The Ph.D. Program in History

at the Graduate Center of the City University of New York

GC Events

10/8 – Buried in the Red Dirt: Race, Reproduction, and Death in Modern Palestine

Bringing together a vivid array of analog and non-traditional sources, including colonial archives, newspaper reports, literature, oral histories and interviews, Buried in the Red Dirt tells a story of life, death, and reproduction, and missing bodies and experiences, during and since the British colonial period in Palestine. Using transnational feminist reading practices of existing and new archives, Frances S. Hasso moves beyond authorized frames of collective pain and heroism. Looking at their day-to-day lives, where Palestinians suffered most from poverty, illness, and high rates of infant and child mortality, Hasso’s book shows how ideologically and practically, racism and eugenics shaped British colonialism and Zionist settler-colonialism in Palestine in different ways, especially informing health policies. She examines Palestinian anti-reproductive desires and practices, before and after 1948, critically engaging with demographic scholarship that has seen Zionist commitments to Jewish reproduction projected onto Palestinians.
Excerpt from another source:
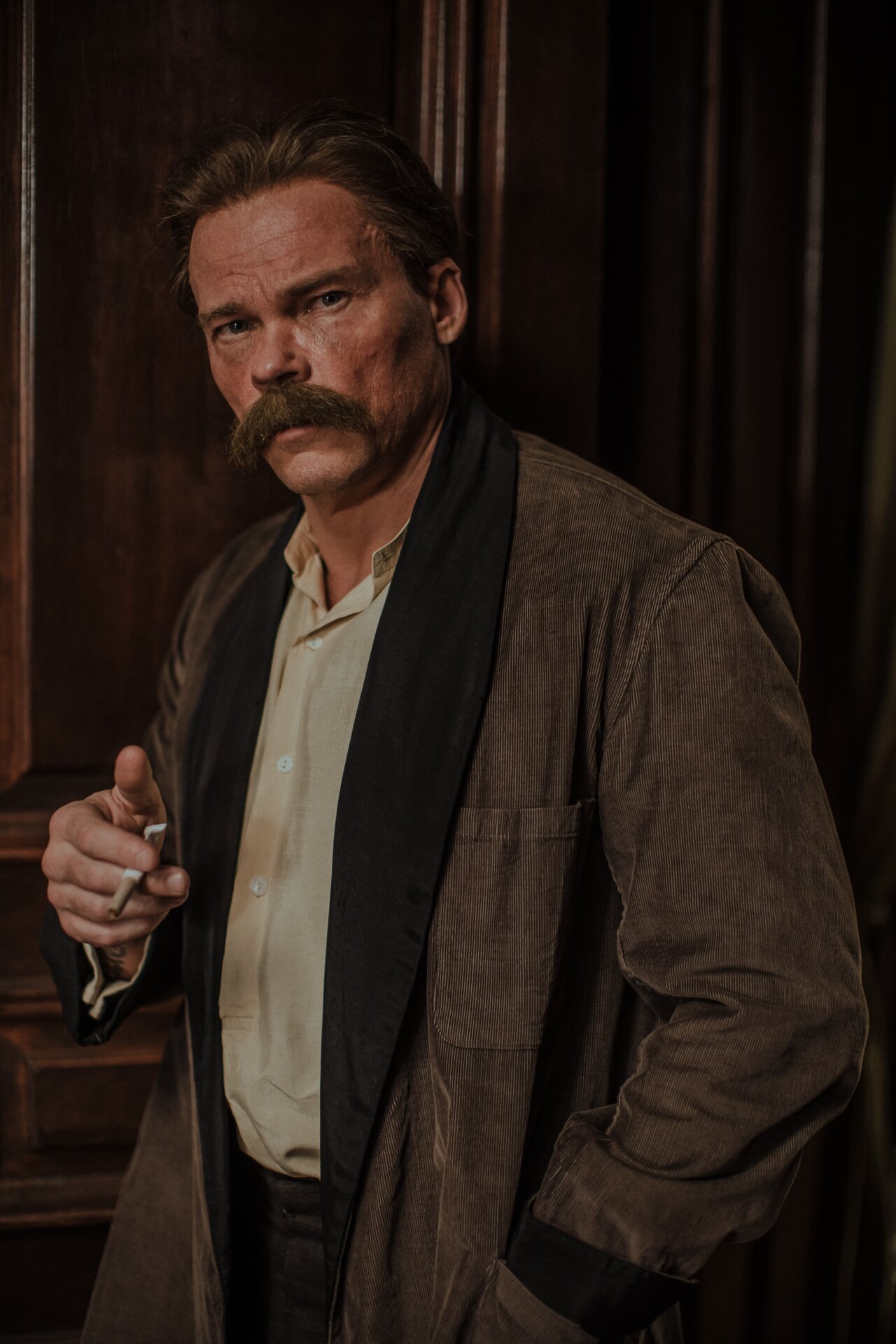 «Моего персонажа зовут Михаил Прохоров. Он офицер, служит стране, живет ради страны. Что для него страна? Даже не знаю, смог бы он сам себе ответить на этот вопрос. Наверное, это люди вокруг. Когда мир, в котором он вырос и сформировался, начинает рушиться, одновременно рушится и его внутренний мир, потому что они тесно взаимосвязаны. И мой герой абсолютно не понимает, что ему со всем этим делать. «Хроники русской революции» — самый длинный проект в моей жизни. Я очень переживал браться за него, потому что не понимал, как можно удержать все это в голове одновременно. Но потом мы встретились с Андреем Сергеевичем, я ему говорю: «Я не знаю, как это возможно сделать!«. А он в ответ смеется: «Я и сам не знаю, потому и делаю». И мы отправились в это крутое путешествие вместе.

Friday, October 8, at 1 pm: Frances Hasso will discuss her Buried in the Red Dirt: Race, Reproduction, and Death in Modern Palestine with Jennifer Johnson

Frances Hasso is a Professor in the Program in Gender, Sexuality and Feminist Studies at Duke University with secondary appointments in the Department of History and Department of Sociology. She was an Editor of the Journal of Middle East Women’s Studies(2015-2018). Her scholarship includes the books: Freedom without Permission: Bodies and Space in the Arab Revolutions, co-authored with Zakia Salime (Duke University Press, 2016); Consuming Desires: Family Crisis and the State in the Middle East (Stanford University Press, 2011); and Resistance, Repression and Gender Politics in Occupied Palestine and Jordan (Syracuse University Press, 2005).

Jennifer Johnson is a historian of Africa, and a specialitist in twentieth-century North Africa at Brown University. Her research explores questions of nationalism, decolonization, human rights, medicine, and international organizations.